- _EXERCISE_: Nothing should appear in the answer except the lines below from the line containing "隨后,學院教師一行前往廣州市" through the line containing "هنئ الشيخ .علي", copied exactly, with pictures left out.

- _MATERIAL FOR THIS EXERCISE_:
⟨

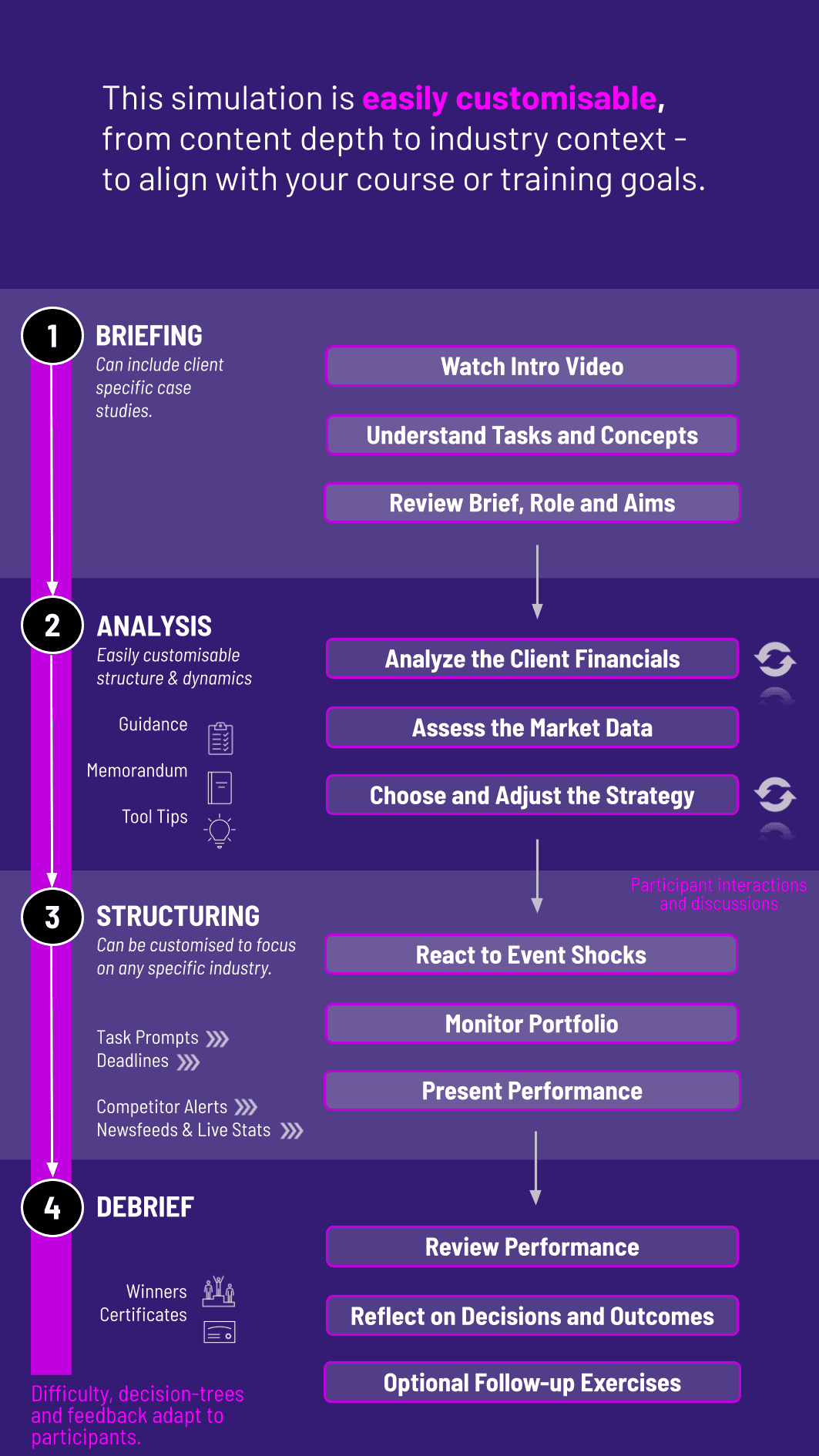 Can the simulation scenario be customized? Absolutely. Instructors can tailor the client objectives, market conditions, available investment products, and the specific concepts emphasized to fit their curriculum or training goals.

⟩
⟨

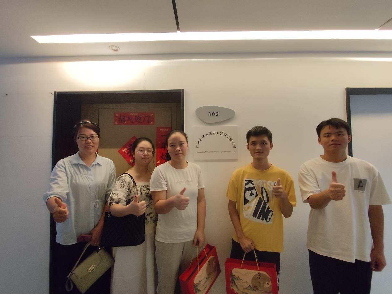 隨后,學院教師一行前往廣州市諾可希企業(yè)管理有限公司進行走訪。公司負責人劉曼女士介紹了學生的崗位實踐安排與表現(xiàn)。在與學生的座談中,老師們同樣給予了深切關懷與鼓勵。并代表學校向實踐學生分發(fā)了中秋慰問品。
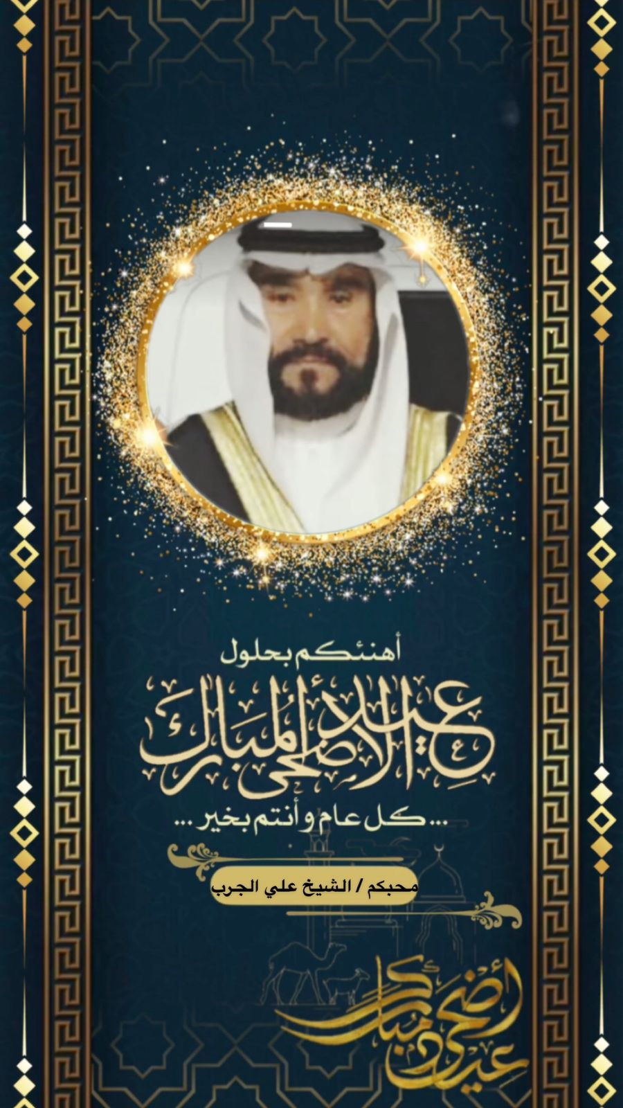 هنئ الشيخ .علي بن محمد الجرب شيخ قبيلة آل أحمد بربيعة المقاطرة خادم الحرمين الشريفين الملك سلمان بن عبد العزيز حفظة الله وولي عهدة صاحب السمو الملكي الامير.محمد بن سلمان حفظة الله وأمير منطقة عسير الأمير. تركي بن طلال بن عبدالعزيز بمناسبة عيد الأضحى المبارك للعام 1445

⟩

- _RESPONSE BOX_:
 隨后,學院教師一行前往廣州市諾可希企業(yè)管理有限公司進行走訪。公司負責人劉曼女士介紹了學生的崗位實踐安排與表現(xiàn)。在與學生的座談中,老師們同樣給予了深切關懷與鼓勵。并代表學校向實踐學生分發(fā)了中秋慰問品。
 هنئ الشيخ .علي بن محمد الجرب شيخ قبيلة آل أحمد بربيعة المقاطرة خادم الحرمين الشريفين الملك سلمان بن عبد العزيز حفظة الله وولي عهدة صاحب السمو الملكي الامير.محمد بن سلمان حفظة الله وأمير منطقة عسير الأمير. تركي بن طلال بن عبدالعزيز بمناسبة عيد الأضحى المبارك للعام 1445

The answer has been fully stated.